SELECT DISTINCT aceTran.id
 FROM CallExternalAceTransaction aceTran,
      CallTransaction callTransaction,
      Product product,
      FxCurrency ccy,
      InterestPlan iplan,
      CallAccount callAcc,
      CallAccountProduct caProduct with (xlock)
WHERE
(callTransaction.id = aceTran.id)
    AND (
            ((callTransaction.dateCreated > @startDate) OR
(callTransaction.dateCreated = @startDate))
            AND ((callTransaction.dateCreated < @endDate) OR
(callTransaction.dateCreated = @endDate))
        )
AND caProduct.id = product.id
AND iplan.businessUnit = 'CASHMAN'
AND product.denominatedInCurrencyId = ccy.id
AND ccy.isoCode = 'NZD'
AND product.usesInterestPlan=iplan.id
AND callTransaction.appliesToAccount=callAcc.id AND
callAcc.definedByProduct=caProduct.id

Anyway as you requested - here are the table definitions and the indexes -

SET ANSI_NULLS OFF
GO
SET QUOTED_IDENTIFIER ON
GO
SET ANSI_PADDING OFF
GO
CREATE TABLE [dbo].[CallExternalAceTransaction](
    [id] [bigint] NOT NULL,
    [cashSettleReference] [varchar](1024) NULL,
    [contractRef] [varchar](1024) NULL,
    [transactionNumber] [bigint] NULL,
    [batchNumber] [bigint] NULL,
    [description] [varchar](1024) NULL,
    [openTransNumber] [bigint] NULL,
    [ol_version] [int] NOT NULL CONSTRAINT
[DF_CallExternalAceTransaction_ol_version]  DEFAULT (1),
CONSTRAINT [pk_CallExternalAceTransaction] PRIMARY KEY CLUSTERED
(
    [id] ASC
)WITH (PAD_INDEX  = OFF, STATISTICS_NORECOMPUTE  = OFF, IGNORE_DUP_KEY =
OFF, ALLOW_ROW_LOCKS  = ON, ALLOW_PAGE_LOCKS  = ON) ON [PRIMARY]
) ON [PRIMARY]

GO
SET ANSI_PADDING OFF
GO
ALTER TABLE [dbo].[CallExternalAceTransaction]  WITH CHECK ADD  CONSTRAINT
[FK_CallExternalAceTransaction_id] FOREIGN KEY([id])
REFERENCES [dbo].[CallTransaction] ([id])
GO
ALTER TABLE [dbo].[CallExternalAceTransaction] CHECK CONSTRAINT
[FK_CallExternalAceTransaction_id]

1.
Create nonclustered Index IX_openTransNumber On
[dbo].[CallExternalAceTransaction](openTransNumber)

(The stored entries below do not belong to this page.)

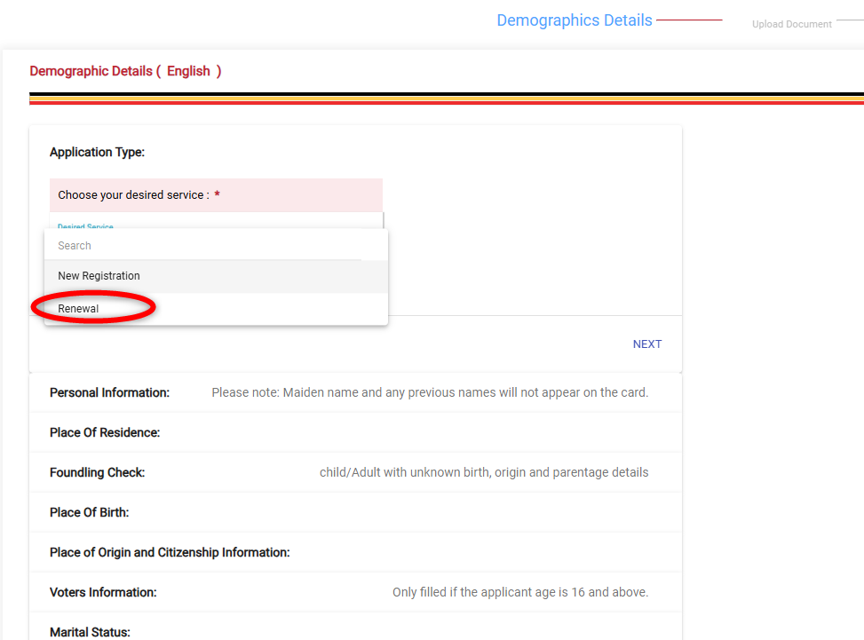 Fill out your name, national ID number, email address, phone number, and other details from your expired/expiring national ID and click on “Next.”
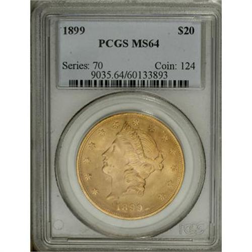 <B>1899 $20 MS64 PCGS.</B></I> PCGS Population (309/10). NGC Census: (812/69). Mintage: 1,669,384. Numismedia Wsl. Price for NGC/PCGS coin in MS64: $1,550. (#9035)<BR><BR><B>Coin Engraver:</B> James B. Longacre<BR><BR><b>Shipping:</b> Coins & Currency (<a target="_blank" href="http://www.heritageauctions.com/common/shipping.php">view shipping information</a>)
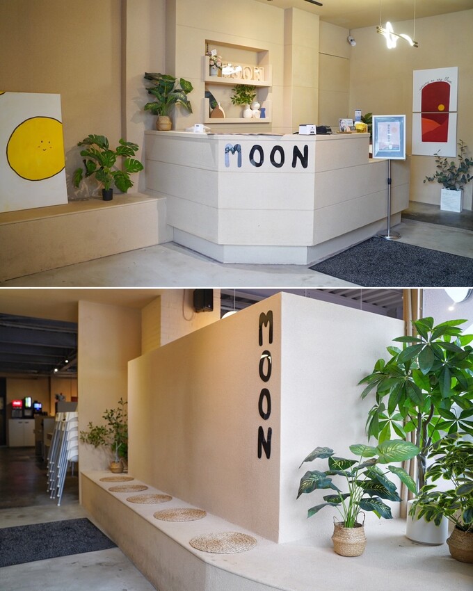 「月團圓雞湯火鍋頭份尚順店」一踏入大門就有個大大的月球吊燈,柔和的燈光加上米色系裝潢帶給人暖暖的溫馨感。
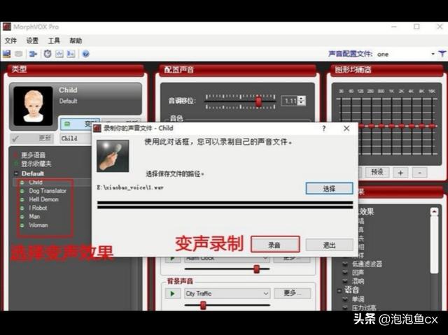 3、接下来可以开始用它来录制声音。点击文件菜单,然后点击录制你的声音。这时会弹出一个对话框,选好保存路径,输入一个文件名,然后点击录音。(在开始录制之前一定要先选择好变声效果,也就是系统提供的6种变声效果。)
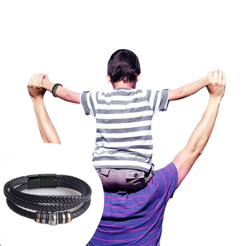 💕【Comfortable Material】This bracelet for son is made of high-quality genuine leather material, hand-woven tightly woven bracelet, soft and comfortable to the touch; with a special stainless steel magnetic clasp.
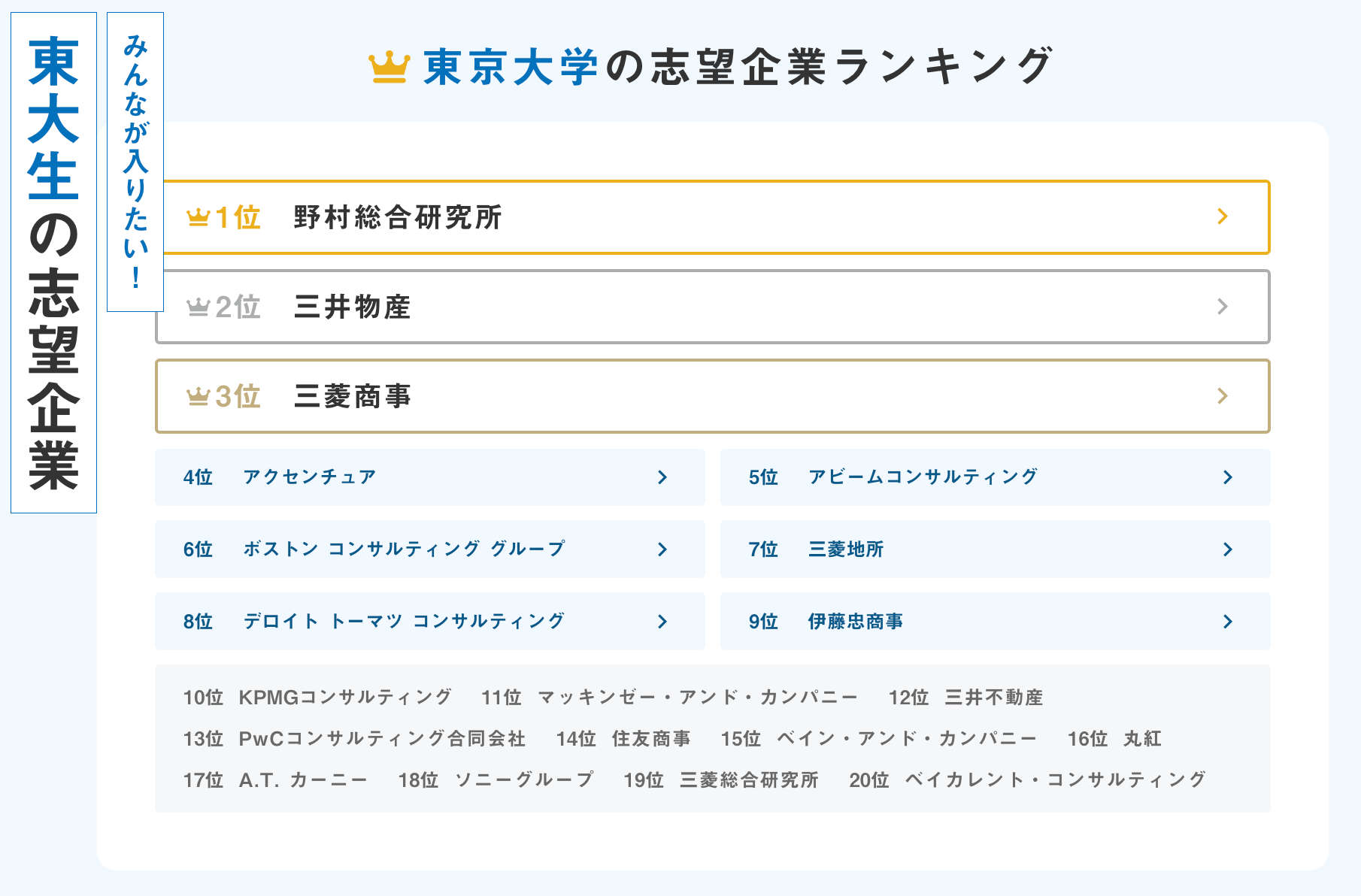 先輩たちが興味を持っていた業界と企業を、志望理由と併せて公開。自分の大学の人気業界や人気企業を紹介し、どんな業界・企業を受けてみようかと考える際の指針を提供します。
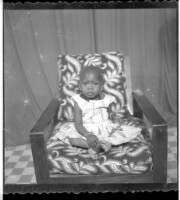 EAP449/2/19/14 : A little girl wearing a dress and necklace sitting full frontal view in the studio with several keys laying on her feet - Hierarchy:
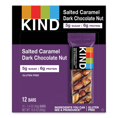 Nuts and Spices Bar, Salted Caramel and Dark Chocolate Nut, 1.4 oz Bar, 12/Pack

Number of rows = 2 million

CREATE TABLE [dbo].[CallTransaction](
    [id] [bigint] NOT NULL,
    [dateEffective] [datetime] NULL,
    [transSequence] [bigint] NULL,
    [balanceAmount] [float] NULL,
    [dateCreated] [datetime] NULL,
    [dateReversed] [datetime] NULL,
    [callTransactionType] [bigint] NULL,
    [ol_version] [int] NOT NULL CONSTRAINT [DF_CallTransaction_ol_version]  
DEFAULT (1),
    [appliesToAccount] [bigint] NULL,
    [dateFundsCleared] [datetime] NULL,
    [auditId] [bigint] NULL,
    [dateSuppressed] [datetime] NULL,
CONSTRAINT [pk_CallTransaction] PRIMARY KEY CLUSTERED
(
    [id] ASC
)WITH (PAD_INDEX  = OFF, STATISTICS_NORECOMPUTE  = ON, IGNORE_DUP_KEY = OFF,
ALLOW_ROW_LOCKS  = ON, ALLOW_PAGE_LOCKS  = ON) ON [PRIMARY]
) ON [PRIMARY]

1. Create nonclustered Index CallTransactionduplicate_ind On
[dbo].[CallTransaction](appliesToAccount, dateCreated)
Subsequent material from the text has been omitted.